TASK BRIEF - The lines to repeat are those below from the one containing "Комплектът съдържа 7" down to the one containing "戴尔(DELL)游匣G15游戏本笔记本电脑15.6英寸电竞本(14核酷睿i7HX 16G 1TB", both included; reproduce them exactly and nothing else.

EXERCISE MATERIAL -
/---

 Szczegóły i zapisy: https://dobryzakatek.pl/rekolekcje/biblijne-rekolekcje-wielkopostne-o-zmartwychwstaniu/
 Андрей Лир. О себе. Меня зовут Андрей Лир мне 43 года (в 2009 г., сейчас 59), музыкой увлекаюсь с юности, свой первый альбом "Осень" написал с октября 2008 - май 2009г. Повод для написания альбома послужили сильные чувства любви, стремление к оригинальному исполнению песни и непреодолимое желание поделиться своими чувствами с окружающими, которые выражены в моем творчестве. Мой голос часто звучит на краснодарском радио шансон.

\---
/---

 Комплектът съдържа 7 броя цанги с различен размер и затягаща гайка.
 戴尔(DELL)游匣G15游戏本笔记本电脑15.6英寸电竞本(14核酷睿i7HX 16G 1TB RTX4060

\---
/---

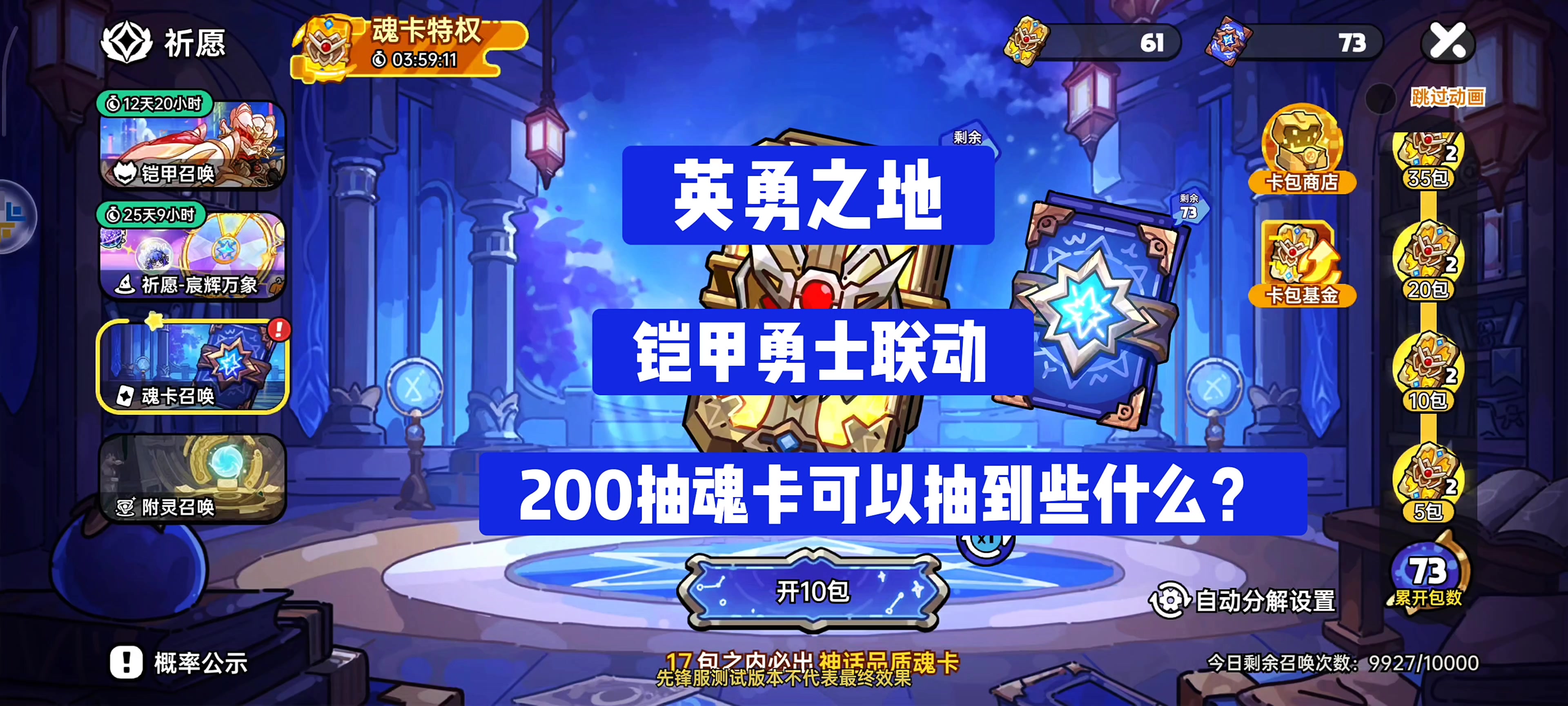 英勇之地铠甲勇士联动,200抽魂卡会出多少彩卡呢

\---

TASK RESPONSE -
 Комплектът съдържа 7 броя цанги с различен размер и затягаща гайка.
 戴尔(DELL)游匣G15游戏本笔记本电脑15.6英寸电竞本(14核酷睿i7HX 16G 1TB RTX4060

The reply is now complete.